Discovering Genomics, Proteomics and Bioinformatics (2nd Edition) PDF: The Ultimate Resource for Bio

When the human genome project was conceived, its leaders wanted all researchers to have equal access to the data and associated research tools. Their vision of equal access provides an unprecedented teaching opportunity. Teachers and students have free access to the same databases that researchers are using. Furthermore, the recent movement to deliver scientific publications freely has presented a second source of current information for teaching. I have developed a genomics course that incorporates many of the public-domain databases, research tools, and peer-reviewed journals. These online resources provide students with exciting entree into the new fields of genomics, proteomics, and bioinformatics. In this essay, I outline how these fields are especially well suited for inclusion in the undergraduate curriculum. Assessment data indicate that my students were able to utilize online information to achieve the educational goals of the course and that the experience positively influenced their perceptions of how they might contribute to biology.

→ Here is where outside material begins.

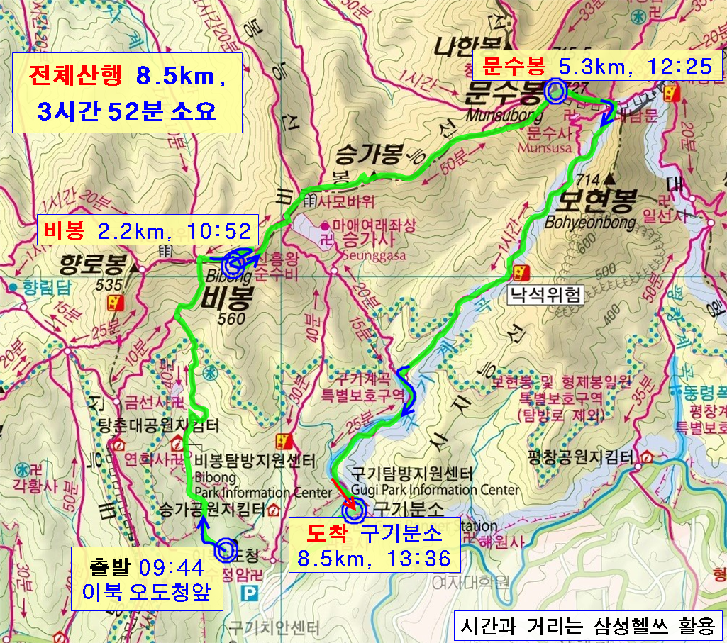 *** 산행코스 : 이북오도청 - 금산사(00굴) - 비봉 - 사모바위 - 승가봉 - 문수봉 - 구기분소

One reason for the increased need to access information is the impact that molecular approaches are having on all areas of biology. Molecular tools have integrated areas within biology previously considered distinct, such as biochemistry, ecology, genetics, and behavior. Biologists working in such different areas within biology now use overlapping information for different applications. With the advent of genomics and its allied fields of proteomics and bioinformatics, integrating information across many subdisciplines of biology is becoming increasingly important for research and teaching. Furthermore, many leaders in genomics, proteomics, and bioinformatics (referred to simply as genomics in this essay) are emphatic about the need to provide free access to data and to electronic research tools. This confluence of needs for information and interdisciplinary learning have led to a unique time in biology education.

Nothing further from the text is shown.